She stuck up for the teenager because she was just 14 and she was afraid of what would have happened to her if she was forced to leave the camp.
But Minette first needs somewhere to live and she admits that she was initially offered a place at the human services ministry’s halfway house designed for young adults who are too old for the children’s home. Greene explained that those who live in the house have some freedom, but must adhere to some rules, and must be working or going to school.
And for those who are going to school or attending some form of course they would be provided with a stipend and travel allowance.
Minette does not say clearly why she did not accept the offer to stay at the house; it could have been that she baulked at the idea of living in another ‘home’ or maybe she felt living with relatives would have been better.
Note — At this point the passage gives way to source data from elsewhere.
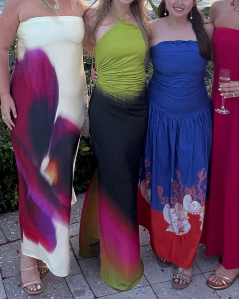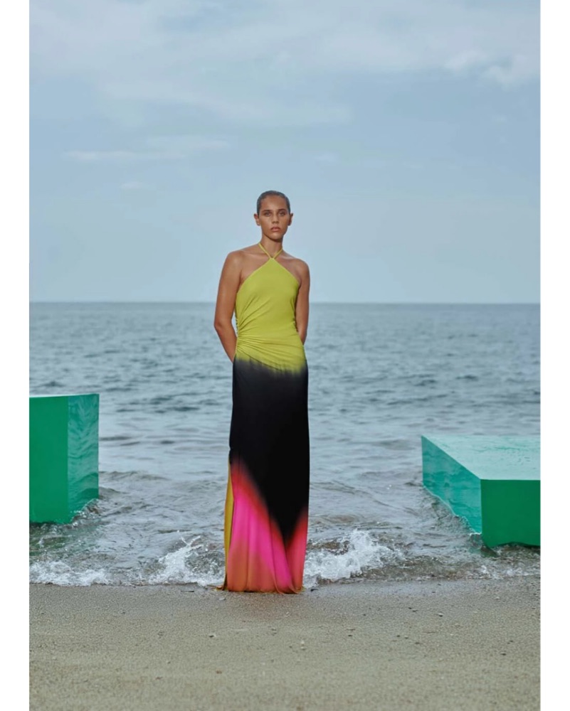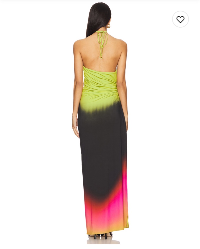 Ombré halter maxi dress with ruche detailing, open back, and a side slit. Perfect for a formal event or special occasion!
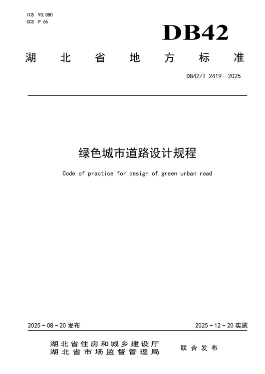? ? 近日,由武漢市政院主持編制的湖北省《綠色城市道路設(shè)計規(guī)程》(DB42/T 2419-2025)地方標準,經(jīng)湖北省住房和城鄉(xiāng)建設(shè)廳、湖北省市場監(jiān)督管理局聯(lián)合批準發(fā)布,將于2025年12月20日起正式實施。該標準是公司聯(lián)合行業(yè)多家單位,歷時三年深入調(diào)研國內(nèi)典型城市綠色道路建設(shè)實踐,系統(tǒng)總結(jié)湖北省實踐經(jīng)驗的重要成果。
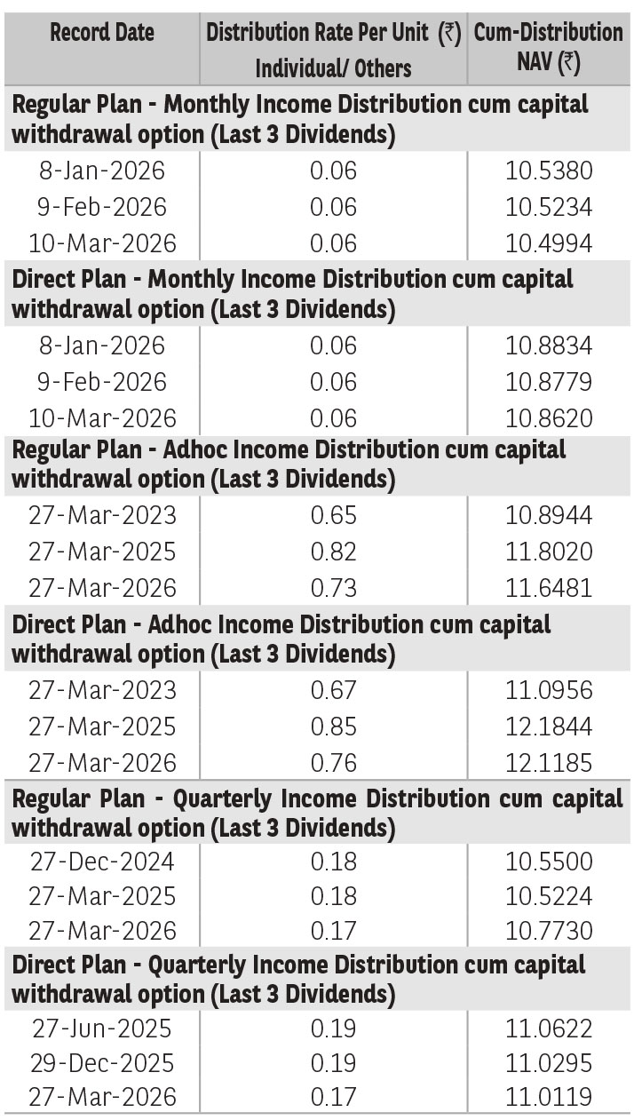 Regular Plan - Adhoc IDCW Option : ₹ 10.9234
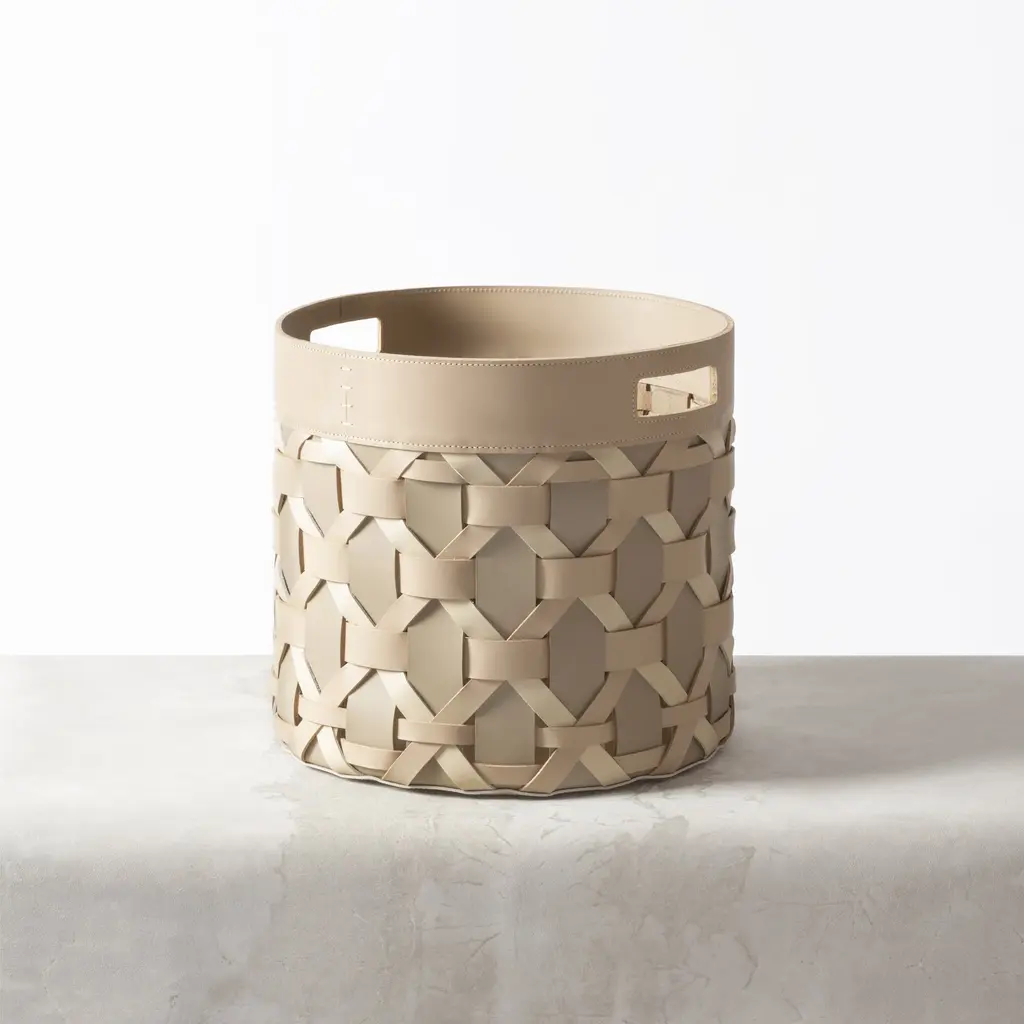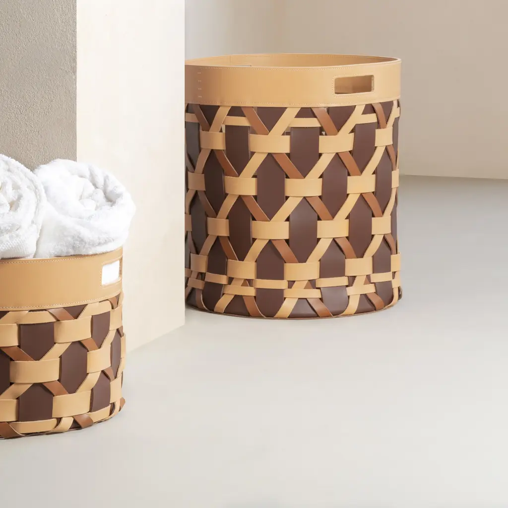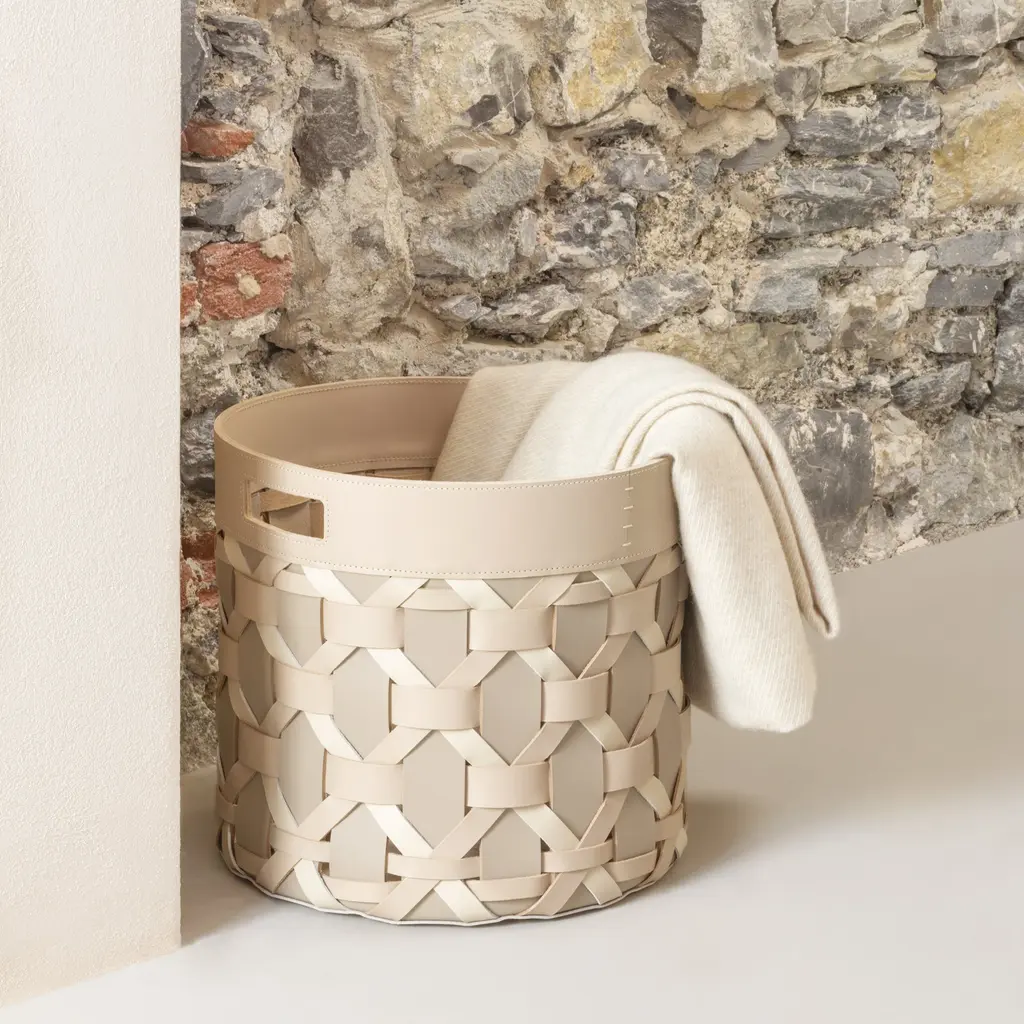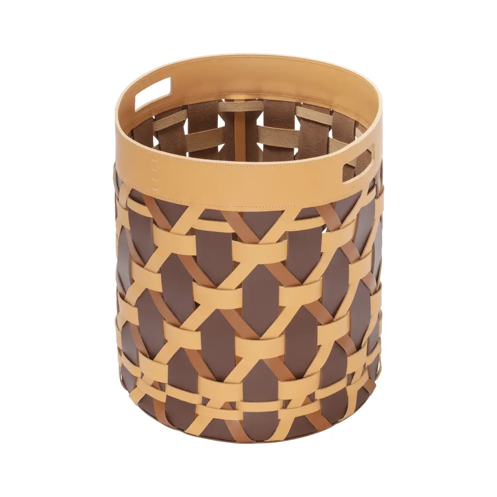 A masterful display of multi-tonal artistry, the 1969 Palu No.2 Storage Basket is a testament to the intricate craft of the Giobagnara and Rabitti 1969 collaboration. Expertly handcrafted in Italy, this piece is created by meticulously braiding strips of saddle leather in three complementary hues. This technique produces a rich, textural object with stunning visual depth and a sturdy, yet flexible, structure. A fusion of heritage craftsmanship and sophisticated color theory, it brings tactile luxury and organized beauty to any living space. Highlights:

But nine months later she knows that this last was just a fairytale since she has practically nowhere to live and just a few pieces of clothes in her possession.
Greene told the Sunday Stabroek that the space at the halfway home is still available and she hopes that she would take it up as those who worked with her want her to have a second chance in life.
“She was well behaved at the home, she never gave any problem and we would hate to see all of this just go to waste.
“We are disappointed but we still believe there is hope and the best place for her is at the halfway house,” Greene said.
She pointed out that while the young people who live at the house are adults and allowed to date they would still have to ensure that those in authority and at the home are aware of the individuals they are dating and would have to abide by the curfew rule.
Minette is just one of the many girls that the GWMO has rescued in its short existence whose future remains unsure. But Broomes said she would encourage Minette to take up the ministry’s offer to live at the halfway house as she would still have some amount of independence and have free accommodation.
Broomes said that by next year the GWMO with assistance from the Sisters of Mercy and the Catholic community would open the doors of its home geared specifically to care for victims of trafficking.
She said that it pains her heart to rescue and not be able to give them a real chance to improve their lives.
She said Minette like all the other victims endured horrific experiences, and most believe that life offers them nothing better, hence they return to the interior to be re-trafficked. For Broomes what is worse is that most of the victims of trafficking that her organisation has seen over the years are very young and most would have passed through the system that is designed to assist them.
“They are failed by the system first and foremost and then when they are rescued the system continues to fail them and that is my biggest concern,” she said.